In the hectic pace of London Fashion Week, Duro Olowu’s presentations are a breath of fresh air. Step inside his bijou studio in St. James’s, and Olowu’s understated approach to showing his collections is an object lesson in why some brands just don’t fit the standard catwalk format: if these clothes whizzed past you to a blaring soundtrack, you would you I could never appreciate them as much as you do in this intimate environment. Let’s hope more young designers feel encouraged to follow Olowu’s lead, after all the talk about the financial challenges of staging a full-blown runway show this week.
It does help, though, that Olowu is one of the few designers who is as eloquent about the finer technical details of each look as he waxes lyrical about dressing the women around him. “It encourages me to understand what I’m trying to do,” he said of the dialogue he opens by inviting press and buyers to sit with him each season and discuss the looks as they appear, one by one . (In Olowu’s presence, it’s much less awkward than it sounds.) “Whether they love it, like it or hate it, I believe in clothes that are powerfully emotional.”
Seekers of powerfully emotional clothing need look no further than Olowu’s supremely elegant spring collection, which reiterates his abilities as a master of clashing prints and colors. A pattern of unusual flowers and diamonds from antique chests of drawers was both expanded and contracted, while another print – graphic swirls inspired by the Surrealists – was carefully repainted in multiple colourways, spliced together to form a pleated skirt or the sleeves to decorate a loose skirt. -matching shirt (and then paired with trousers in an invigorating shade of scarlet). “I didn’t want it to feel prissy or special,” Olowu said. “Although of course I always want the person wearing the clothes to feel special.”

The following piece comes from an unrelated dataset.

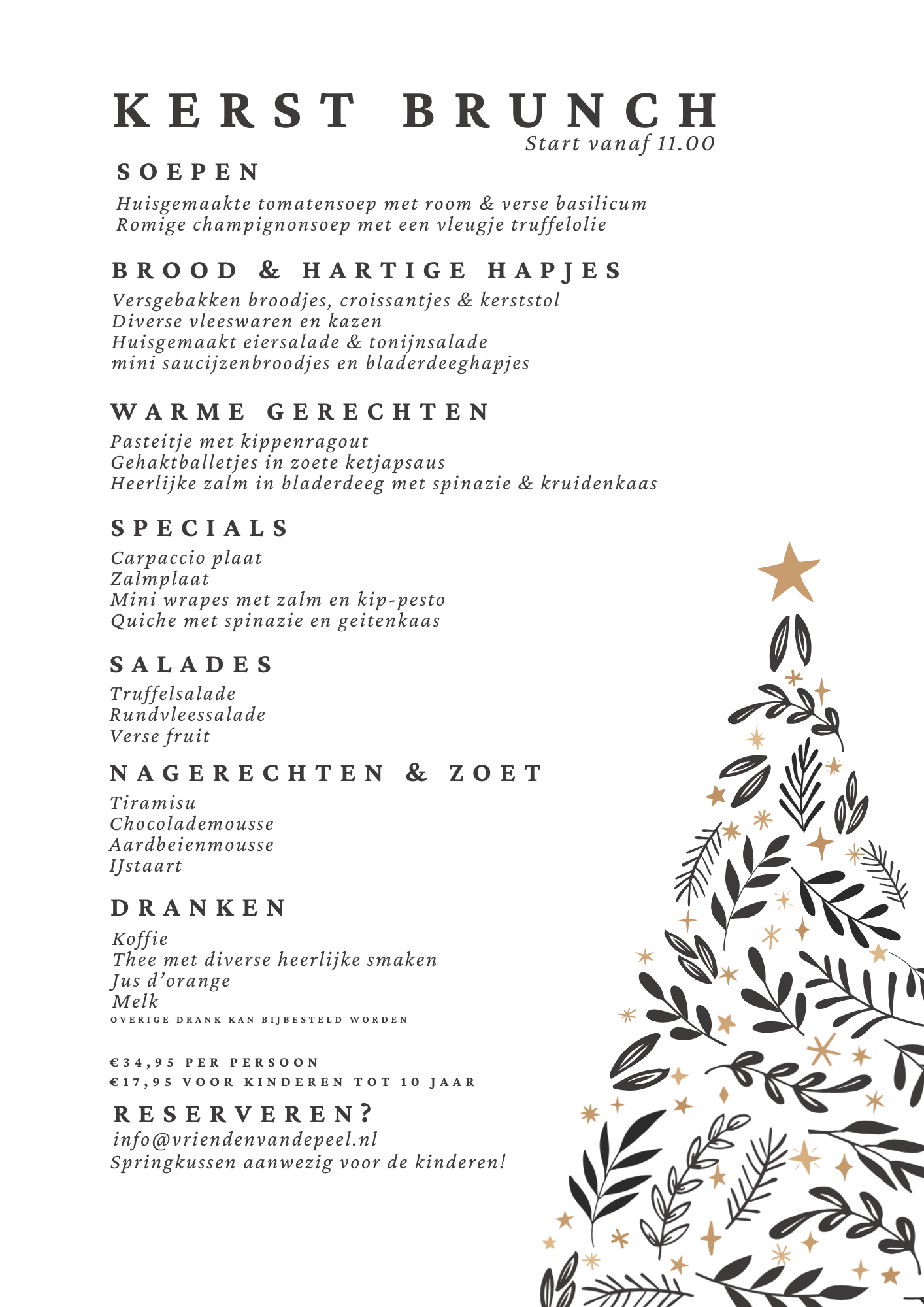 De feestdagen staan voor de deur en bij Vrienden van de Peel wordt dat graag samen gevierd. Op Eerste Kerstdag organiseert het team een sfeervolle kerstbrunch midden in de rust en warmte van de Peelse omgeving.

It takes a certain level of fearlessness to bring it all together in a single collection, but an even rarer level of expertise to pull it off with good taste. Olowu’s version of a classic summer dress with a narrow waist was a standout, with pleated bodices and tulip-like ruffles that extended from the waist and doubled as pockets. “I think a dress without pockets is very old-fashioned,” Olowu smiled. So it was with the deliberately messy floral arrangements that served as the backdrop to the lookbook, put together by one of Olowu’s former assistants, Ragnhild Furuseth of Studio Lupin, and which he accurately described as “meticulous but messy – and not snooty at all.” .”
It’s that fascinating balance between the exquisite execution of Olowu’s clothes – the perfect pleat of those trousers, the palpably luxurious silk rayons and cloqués from which they are cut – and his renegade creative instincts that makes his vision so compelling. But it’s also the pleasure of listening to him that allows you to fully appreciate it. “The people I admire and hope to design for are never people who make things, or believe in things – politically or creatively – because they want to be part of a club or part of a movement,” he said. “I don’t make collections prescriptive or didactic. I just hope that in some small way they can contribute to a new way of looking at and thinking about clothing.” On that front, the mission is completely accomplished.